- **Exercise directions**
Could you repeat every line below exactly, skipping the images?

- **Data section**
>>>>>
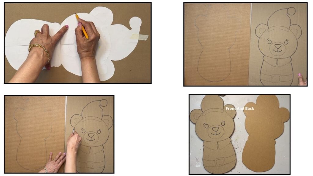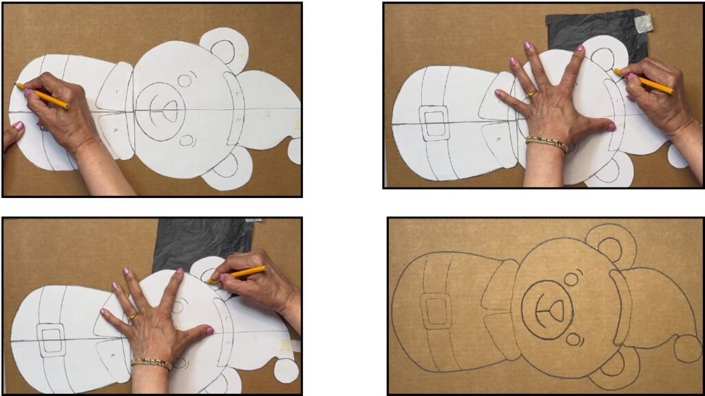 2. Place this template on a sheet of cardboard and draw around the shape. Used carbon paper to trace parts in the middle of body like ears, eyes, mouth etc.
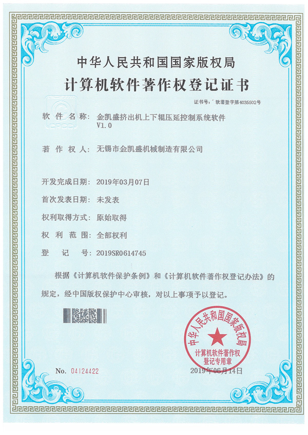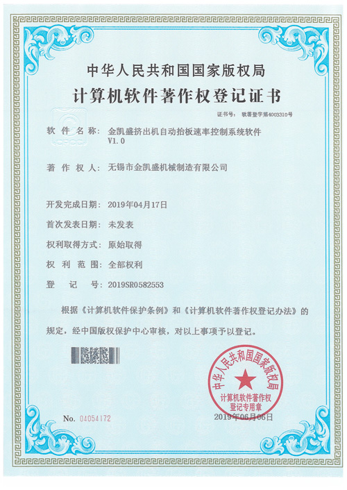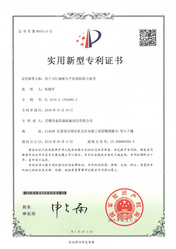 SPC地板生產(chǎn)線專利證書、著作權(quán)
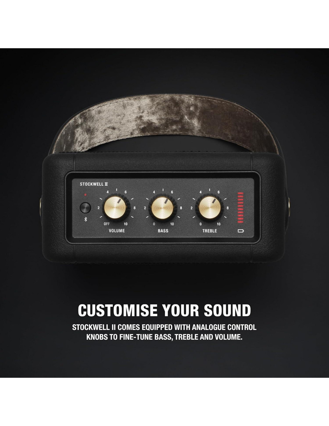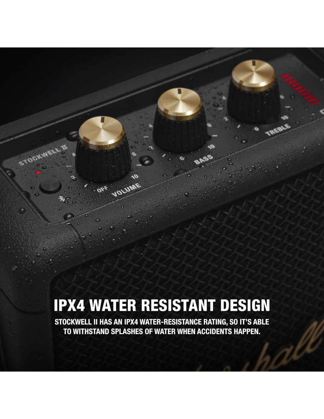 - Stockwell II ofrece más de 20 horas de tiempo de reproducción portátil con una sola carga. Su tamaño reducido y la correa de transporte inspirada en guitarras lo hacen perfecto para llevar contigo. Resistente al agua: Sí
<<<<<
- **Answer box**
 2. Place this template on a sheet of cardboard and draw around the shape. Used carbon paper to trace parts in the middle of body like ears, eyes, mouth etc.
 SPC地板生產(chǎn)線專利證書、著作權(quán)
 - Stockwell II ofrece más de 20 horas de tiempo de reproducción portátil con una sola carga. Su tamaño reducido y la correa de transporte inspirada en guitarras lo hacen perfecto para llevar contigo. Resistente al agua: Sí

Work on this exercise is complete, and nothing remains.